Nach Ansicht des GfbV-Experten Kamal Sido führen die Spuren der Mörder des allseits geachteten Tamo jedoch in Richtung des syrischen oder gar des türkischen Geheimdienstes. Assad gebe der PKK neuerdings wieder mehr Raum, um der Türkei zu schaden, die sich immer vehementer für dessen Rücktritt stark macht.

Zwar gebe es "Meinungsverschiedenheiten" zwischen den kurdischen Parteien, sagte Sido. Einigkeit herrsche jedoch darüber, dass das Regime Assads der Vergangenheit angehöre. Die Kurden strebten bei der Neugestaltung Syriens einen friedlichen dritten Weg an. Sie wollten "keinen Islamismus und keinen Erdoganismus", betonte Sido. Kurden, Sunniten Schiiten und andere sollten in Syrien gleichberechtigt sein.

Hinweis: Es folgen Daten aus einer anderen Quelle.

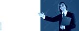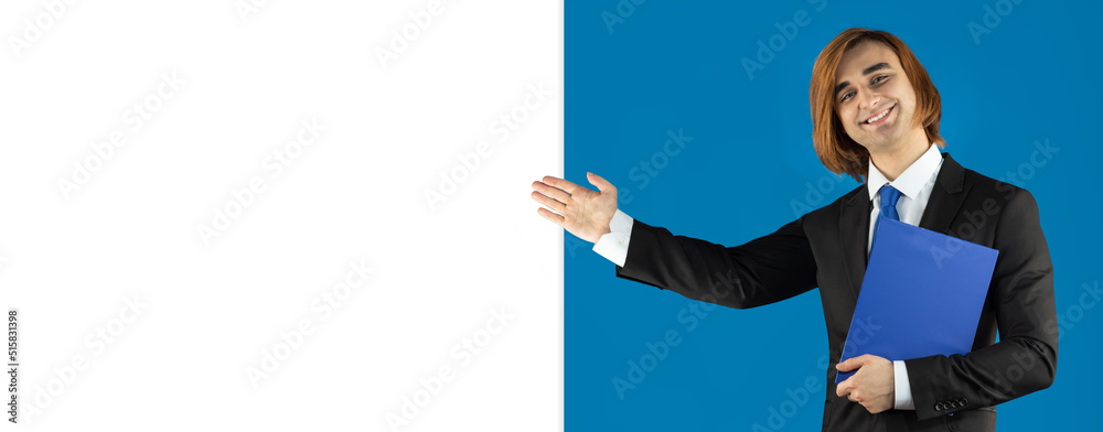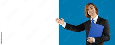 Young man Prep Student with long hair wearing a formal suit and tie. Portrait of guy holding blue folder
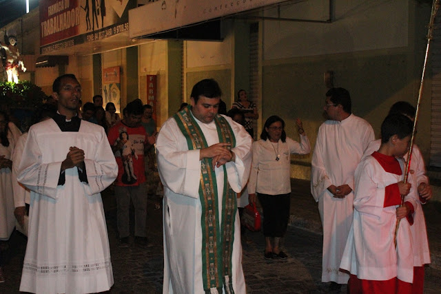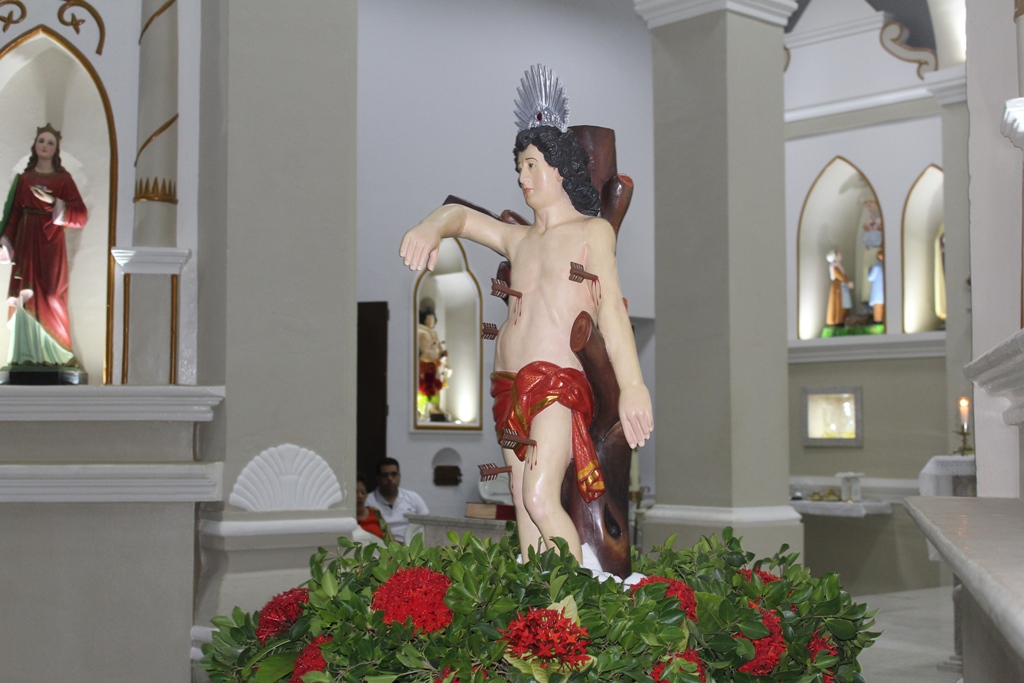 Após o Terço dos Homens, procissão com a imagem de São Sebastião saindo do Santuário Sagrado Coração de Jesus para a Capela de Nossa Senhora da Conceição.
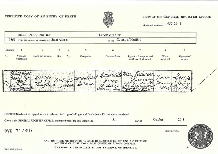 George Kingham died at the age of 43 years in 1869 on December 31. At the time of his death he was living in the Union Workhouse in Saint Albans. He developed a severe fever – brought on by an infection or other disease perhaps – and was taken to the Workhouse Infirmary where he died in the presence of a stranger after 18 days of his illness.
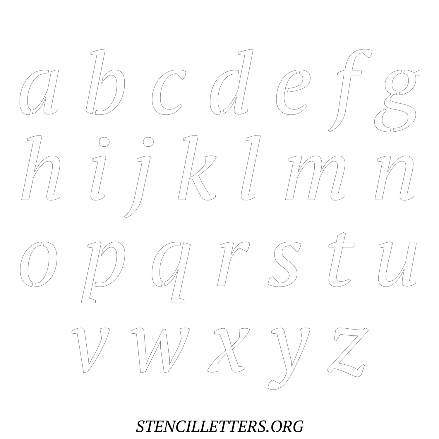 Printable Lowercase Alphabet Stencils - Design 50 Italic
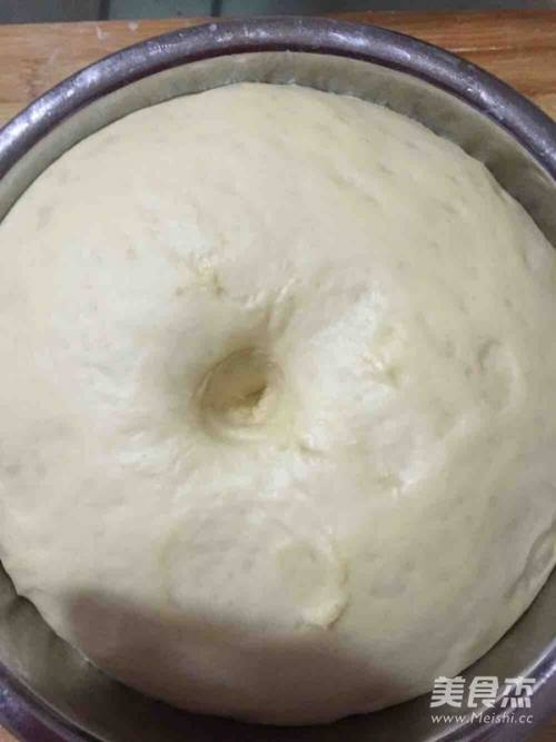 1面粉加水、酵母揉成面团,室温发酵至2倍大,现在的天气约1个半小时
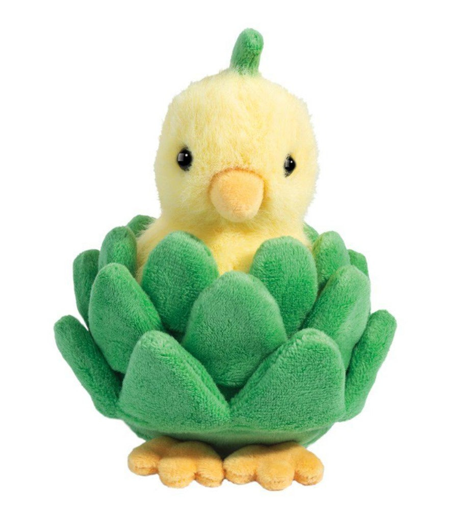 Say hi to Artichick! This adorably plush toy is a playful twist on a classic spring animal. Instead of an egg, this chick has popped out of an artichoke!
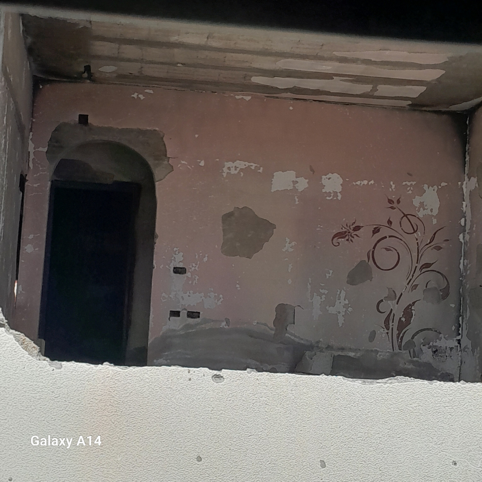 The image shows the interior of a room in disrepair. The walls are pink with peeling paint and some floral decorative patterns. A dark rectangular opening is visible in the lower part of the wall. Par…read more
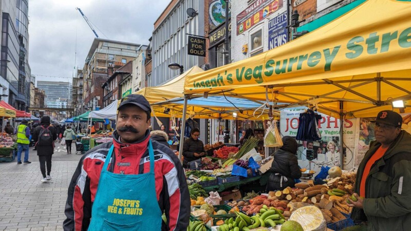 Pictured top: Jose Joseph outside his fruit and veg stall in Surrey Street Market (Picture: Harrison Galliven)
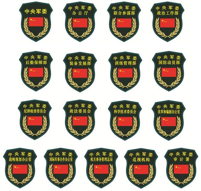 中央军委及其办事机构臂章设计。中央军委设“一厅、六部、三委、三办、一局、一署、一巡视机构”共16个单位,每个单位虽然分工不同、职能各异,但都是军委的办事机构,因此,除在每种臂章中标注各办事机构名称以示区别外,主标志均采用“八一”军旗。军旗代表引领军队走向胜利的灵魂和方向标,突出“八一”军旗,寓意军队最高领导权指挥权集中于党中央、中央军委这面旗帜下,强调了军委的集中统一领导作用。

Vertreter der syrisch-kurdischen Opposition, die sich im September auf Anregung der GfbV in Göttingen trafen, versicherten in einer Resolution ihre "volle Unterstützung für die Demokratiebewegung" in Syrien und verlangten ein sofortiges Ende der Gewalt gegen Demonstranten durch das Assad-Regime. Sie sprachen sich für einen "friedlichen und demokratischen Wandel" aus.

Ferner regten die Teilnehmer des Göttinger Treffens "die Ausrichtung einer nationalen Konferenz zur Erarbeitung einer neuen Verfassung" an, die den Syrern zur Abstimmung vorgelegt werden solle. Diese Verfassung müsse "die nationalen Rechte des kurdischen Volkes sowie kulturelle Rechte ethnischer und religiöser Minderheiten (...) garantieren". Dazu werden Assyrer-Aramäer, Armenier, Drusen, Ismaeliten, Bahai und Yeziden gezählt. Wichtig sei auch die Gleichberechtigung der Frauen, hieß es.